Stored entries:

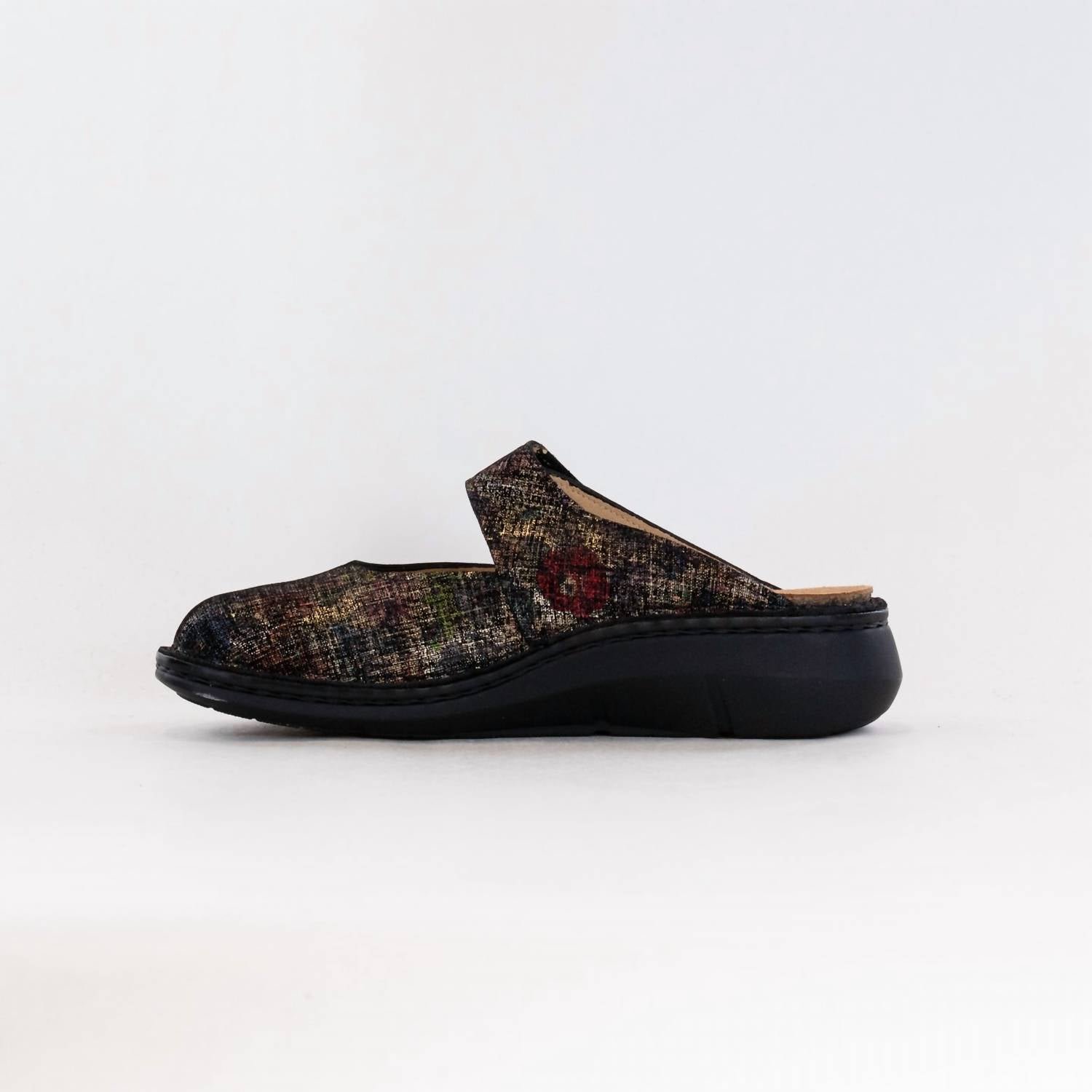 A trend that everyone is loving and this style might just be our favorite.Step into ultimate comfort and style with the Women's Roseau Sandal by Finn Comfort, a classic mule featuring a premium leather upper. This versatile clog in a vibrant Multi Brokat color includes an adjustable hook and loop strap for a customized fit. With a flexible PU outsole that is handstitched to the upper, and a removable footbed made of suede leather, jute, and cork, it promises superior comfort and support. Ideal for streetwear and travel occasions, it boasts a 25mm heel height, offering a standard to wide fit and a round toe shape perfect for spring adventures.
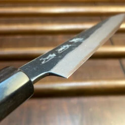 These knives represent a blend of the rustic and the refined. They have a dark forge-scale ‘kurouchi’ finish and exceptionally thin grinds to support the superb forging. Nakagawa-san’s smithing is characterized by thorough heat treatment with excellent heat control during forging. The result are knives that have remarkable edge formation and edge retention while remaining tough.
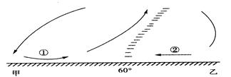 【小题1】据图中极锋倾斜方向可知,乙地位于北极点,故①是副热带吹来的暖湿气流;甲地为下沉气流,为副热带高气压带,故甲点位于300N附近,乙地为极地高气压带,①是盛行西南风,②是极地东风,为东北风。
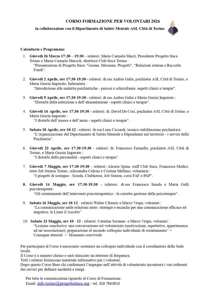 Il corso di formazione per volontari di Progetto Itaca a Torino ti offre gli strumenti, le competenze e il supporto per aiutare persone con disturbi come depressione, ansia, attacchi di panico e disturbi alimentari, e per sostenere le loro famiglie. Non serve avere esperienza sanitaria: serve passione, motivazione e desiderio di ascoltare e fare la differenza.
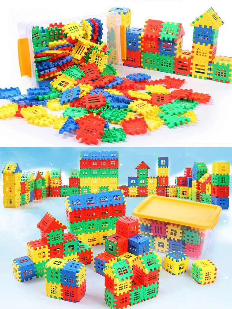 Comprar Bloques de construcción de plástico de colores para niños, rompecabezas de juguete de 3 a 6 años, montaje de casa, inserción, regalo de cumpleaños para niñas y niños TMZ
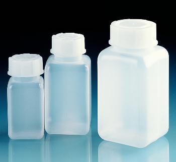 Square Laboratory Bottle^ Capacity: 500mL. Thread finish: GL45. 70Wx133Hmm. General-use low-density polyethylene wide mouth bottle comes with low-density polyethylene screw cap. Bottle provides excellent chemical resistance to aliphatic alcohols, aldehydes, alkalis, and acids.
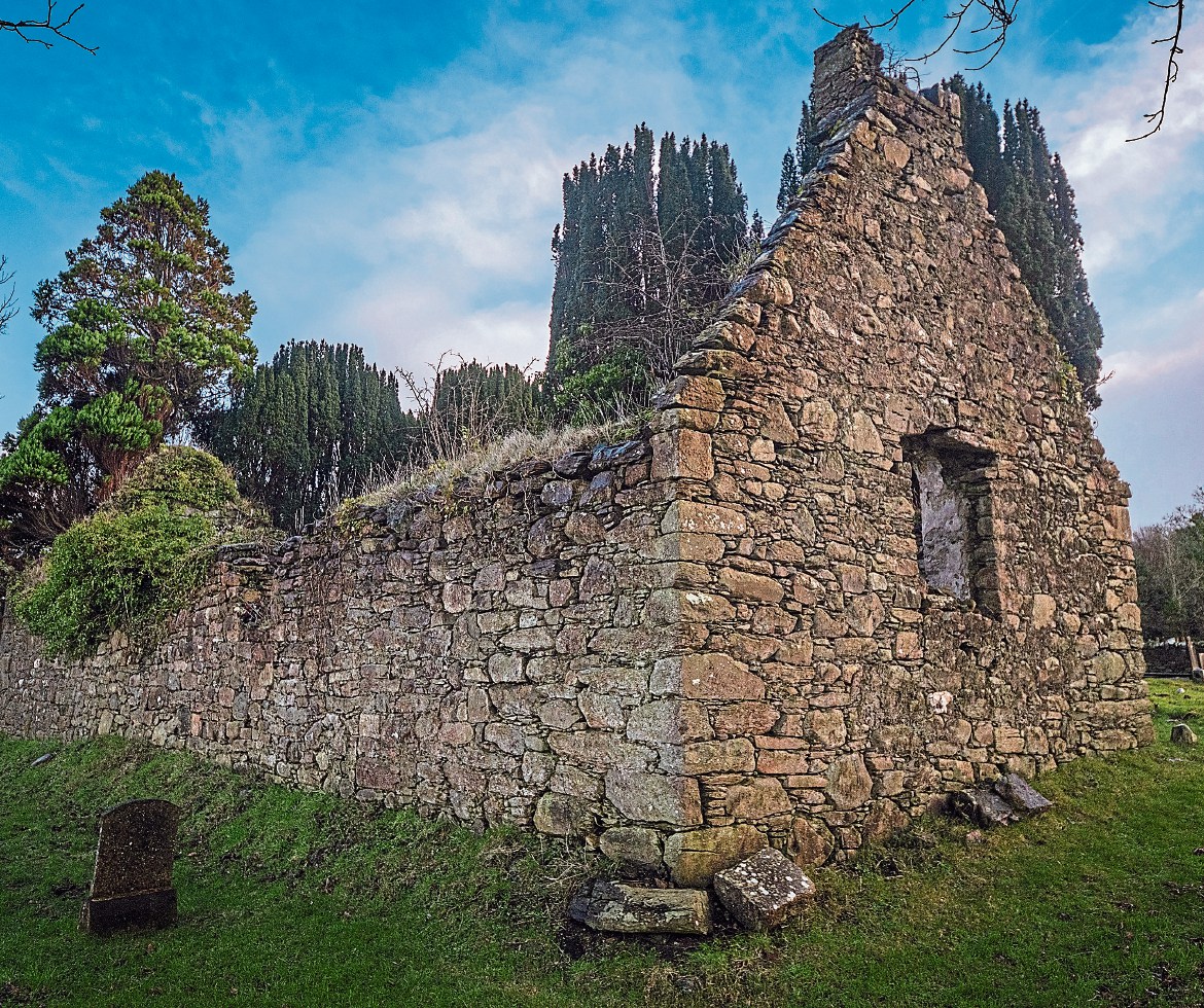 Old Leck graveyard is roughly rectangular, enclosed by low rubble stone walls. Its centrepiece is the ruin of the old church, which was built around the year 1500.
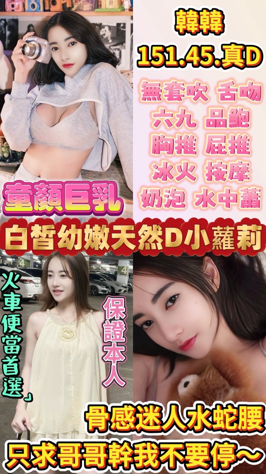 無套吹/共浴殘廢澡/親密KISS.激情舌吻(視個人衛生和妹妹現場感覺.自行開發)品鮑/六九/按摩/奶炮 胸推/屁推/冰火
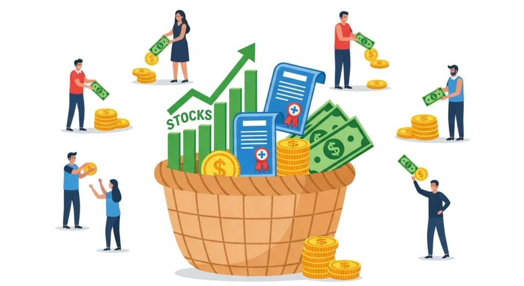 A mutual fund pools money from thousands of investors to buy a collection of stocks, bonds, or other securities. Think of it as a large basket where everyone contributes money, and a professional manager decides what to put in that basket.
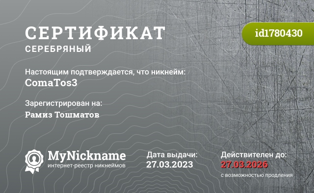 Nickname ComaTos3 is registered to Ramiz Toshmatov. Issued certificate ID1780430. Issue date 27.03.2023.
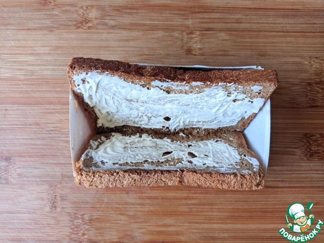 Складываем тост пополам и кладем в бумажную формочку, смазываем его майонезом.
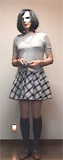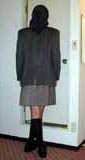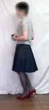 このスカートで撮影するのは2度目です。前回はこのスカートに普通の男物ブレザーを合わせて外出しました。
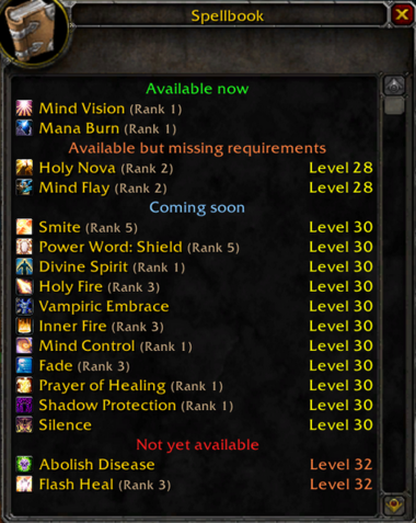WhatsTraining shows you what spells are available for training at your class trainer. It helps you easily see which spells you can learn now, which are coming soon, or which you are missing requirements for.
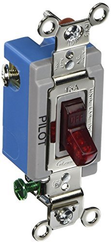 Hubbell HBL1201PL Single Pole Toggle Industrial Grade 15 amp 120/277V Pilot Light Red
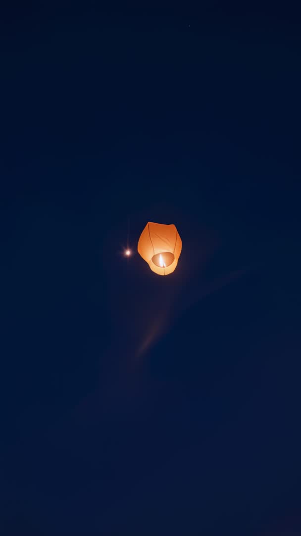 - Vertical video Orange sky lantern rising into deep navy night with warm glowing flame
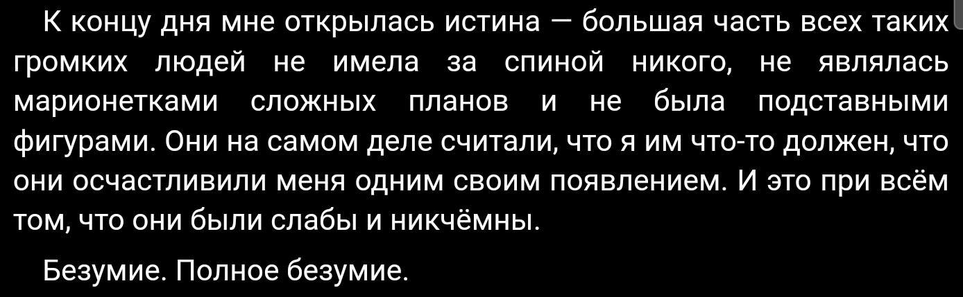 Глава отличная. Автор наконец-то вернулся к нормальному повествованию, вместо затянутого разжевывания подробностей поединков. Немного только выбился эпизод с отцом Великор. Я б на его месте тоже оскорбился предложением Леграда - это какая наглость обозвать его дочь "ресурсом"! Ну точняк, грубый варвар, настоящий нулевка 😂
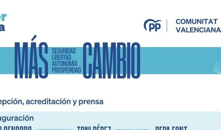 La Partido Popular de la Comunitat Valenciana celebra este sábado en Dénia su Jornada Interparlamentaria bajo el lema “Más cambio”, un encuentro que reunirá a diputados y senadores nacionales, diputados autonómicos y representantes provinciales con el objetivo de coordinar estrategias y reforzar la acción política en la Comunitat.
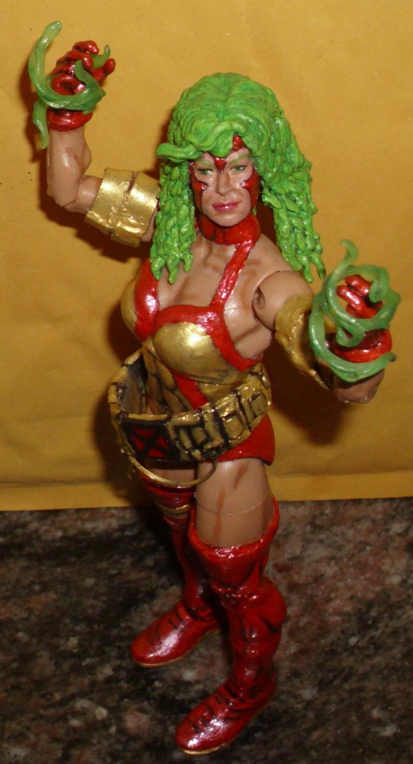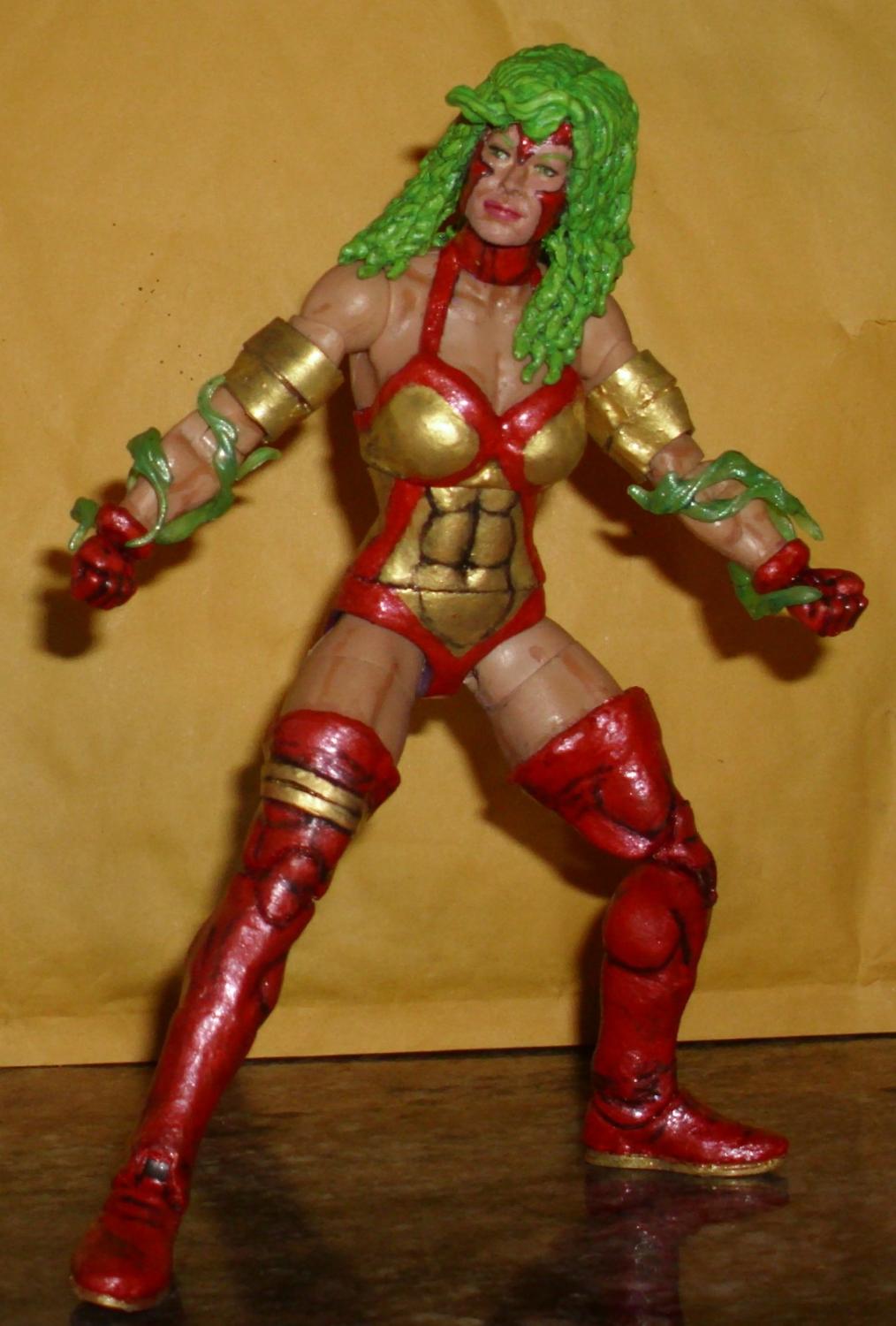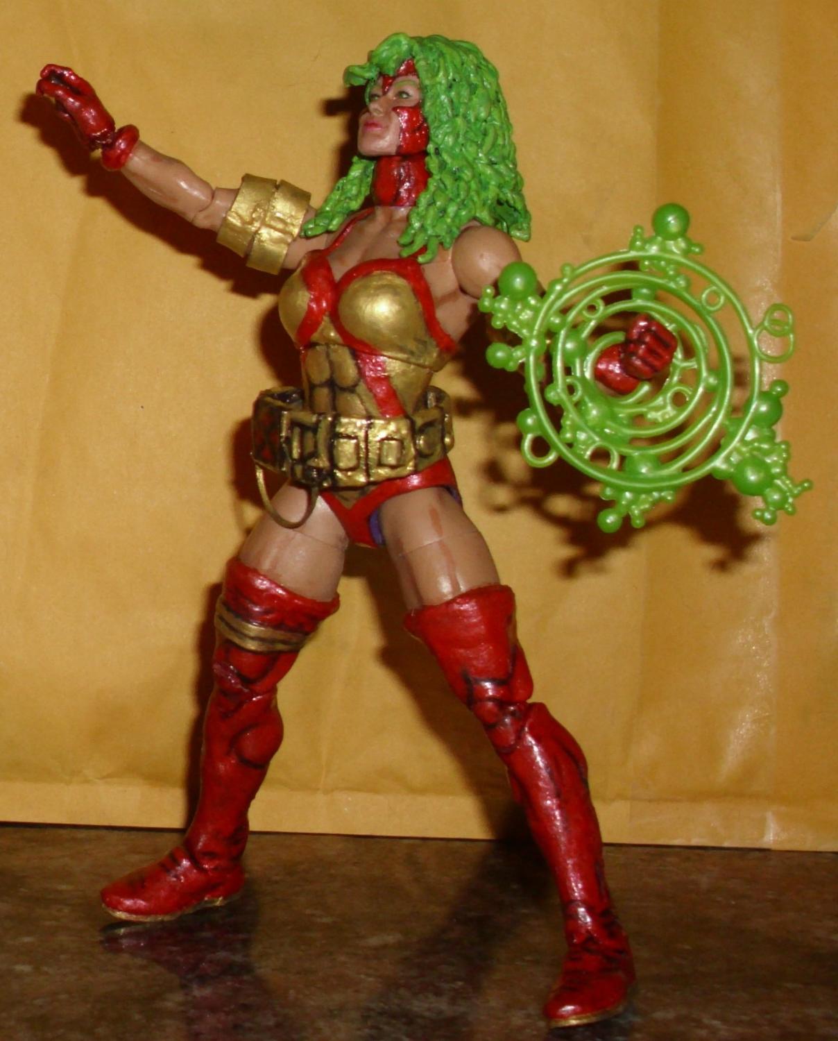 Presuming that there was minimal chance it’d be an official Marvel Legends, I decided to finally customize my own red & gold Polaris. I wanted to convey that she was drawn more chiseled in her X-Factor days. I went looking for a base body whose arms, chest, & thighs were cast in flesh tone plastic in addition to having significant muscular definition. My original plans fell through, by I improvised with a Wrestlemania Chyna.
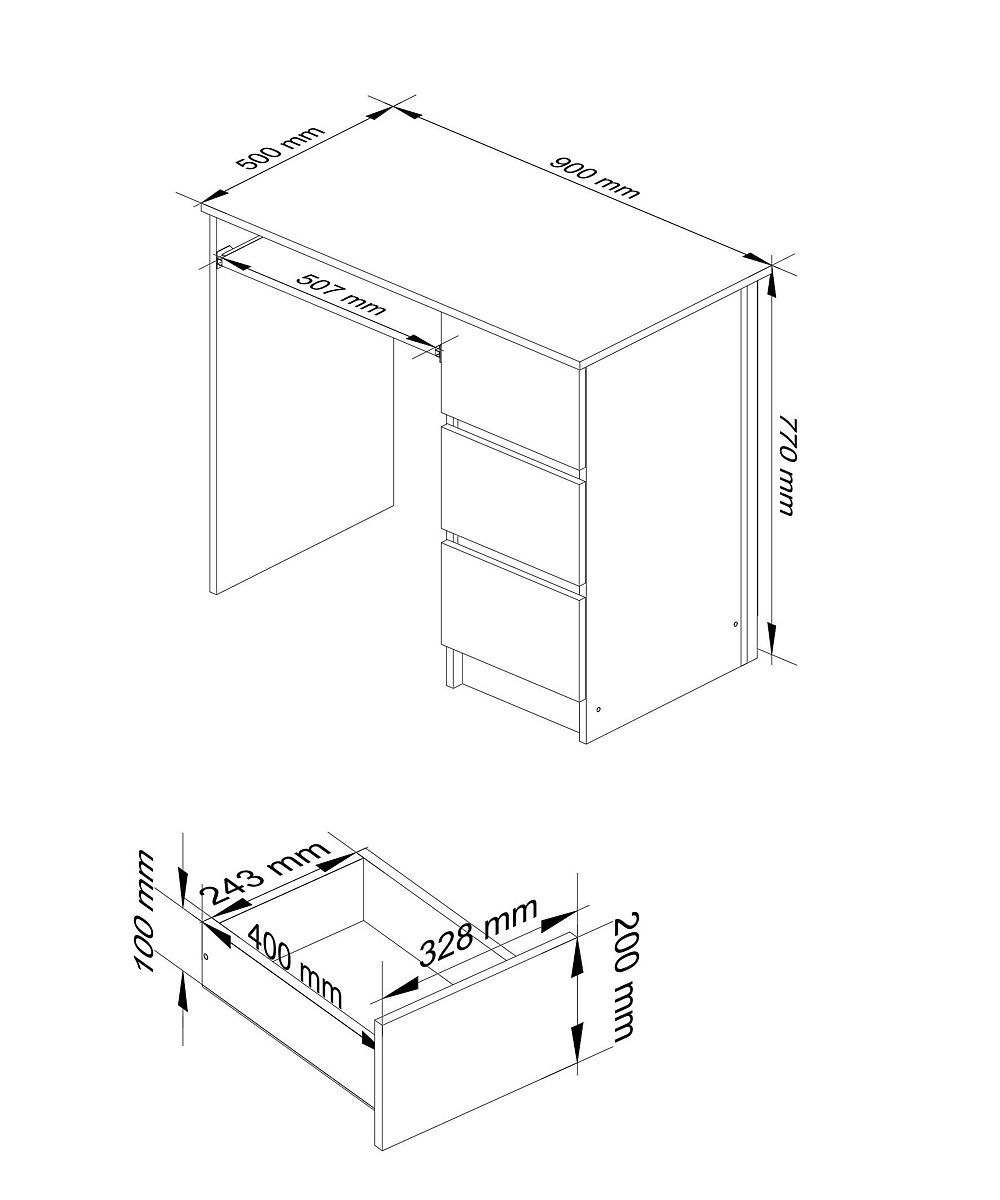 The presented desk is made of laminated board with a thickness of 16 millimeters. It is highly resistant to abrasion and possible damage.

- **EXERCISE**
For the data above, return an exact copy that contains no pictures.

- **RESULT OF THE TASK**
 A trend that everyone is loving and this style might just be our favorite.Step into ultimate comfort and style with the Women's Roseau Sandal by Finn Comfort, a classic mule featuring a premium leather upper. This versatile clog in a vibrant Multi Brokat color includes an adjustable hook and loop strap for a customized fit. With a flexible PU outsole that is handstitched to the upper, and a removable footbed made of suede leather, jute, and cork, it promises superior comfort and support. Ideal for streetwear and travel occasions, it boasts a 25mm heel height, offering a standard to wide fit and a round toe shape perfect for spring adventures.
 These knives represent a blend of the rustic and the refined. They have a dark forge-scale ‘kurouchi’ finish and exceptionally thin grinds to support the superb forging. Nakagawa-san’s smithing is characterized by thorough heat treatment with excellent heat control during forging. The result are knives that have remarkable edge formation and edge retention while remaining tough.
 【小题1】据图中极锋倾斜方向可知,乙地位于北极点,故①是副热带吹来的暖湿气流;甲地为下沉气流,为副热带高气压带,故甲点位于300N附近,乙地为极地高气压带,①是盛行西南风,②是极地东风,为东北风。
 Il corso di formazione per volontari di Progetto Itaca a Torino ti offre gli strumenti, le competenze e il supporto per aiutare persone con disturbi come depressione, ansia, attacchi di panico e disturbi alimentari, e per sostenere le loro famiglie. Non serve avere esperienza sanitaria: serve passione, motivazione e desiderio di ascoltare e fare la differenza.
 Comprar Bloques de construcción de plástico de colores para niños, rompecabezas de juguete de 3 a 6 años, montaje de casa, inserción, regalo de cumpleaños para niñas y niños TMZ
 Square Laboratory Bottle^ Capacity: 500mL. Thread finish: GL45. 70Wx133Hmm. General-use low-density polyethylene wide mouth bottle comes with low-density polyethylene screw cap. Bottle provides excellent chemical resistance to aliphatic alcohols, aldehydes, alkalis, and acids.
 Old Leck graveyard is roughly rectangular, enclosed by low rubble stone walls. Its centrepiece is the ruin of the old church, which was built around the year 1500.
 無套吹/共浴殘廢澡/親密KISS.激情舌吻(視個人衛生和妹妹現場感覺.自行開發)品鮑/六九/按摩/奶炮 胸推/屁推/冰火
 A mutual fund pools money from thousands of investors to buy a collection of stocks, bonds, or other securities. Think of it as a large basket where everyone contributes money, and a professional manager decides what to put in that basket.
 Nickname ComaTos3 is registered to Ramiz Toshmatov. Issued certificate ID1780430. Issue date 27.03.2023.
 Складываем тост пополам и кладем в бумажную формочку, смазываем его майонезом.
 このスカートで撮影するのは2度目です。前回はこのスカートに普通の男物ブレザーを合わせて外出しました。
WhatsTraining shows you what spells are available for training at your class trainer. It helps you easily see which spells you can learn now, which are coming soon, or which you are missing requirements for.
 Hubbell HBL1201PL Single Pole Toggle Industrial Grade 15 amp 120/277V Pilot Light Red
 - Vertical video Orange sky lantern rising into deep navy night with warm glowing flame
 Глава отличная. Автор наконец-то вернулся к нормальному повествованию, вместо затянутого разжевывания подробностей поединков. Немного только выбился эпизод с отцом Великор. Я б на его месте тоже оскорбился предложением Леграда - это какая наглость обозвать его дочь "ресурсом"! Ну точняк, грубый варвар, настоящий нулевка 😂
 La Partido Popular de la Comunitat Valenciana celebra este sábado en Dénia su Jornada Interparlamentaria bajo el lema “Más cambio”, un encuentro que reunirá a diputados y senadores nacionales, diputados autonómicos y representantes provinciales con el objetivo de coordinar estrategias y reforzar la acción política en la Comunitat.
 Presuming that there was minimal chance it’d be an official Marvel Legends, I decided to finally customize my own red & gold Polaris. I wanted to convey that she was drawn more chiseled in her X-Factor days. I went looking for a base body whose arms, chest, & thighs were cast in flesh tone plastic in addition to having significant muscular definition. My original plans fell through, by I improvised with a Wrestlemania Chyna.
 The presented desk is made of laminated board with a thickness of 16 millimeters. It is highly resistant to abrasion and possible damage.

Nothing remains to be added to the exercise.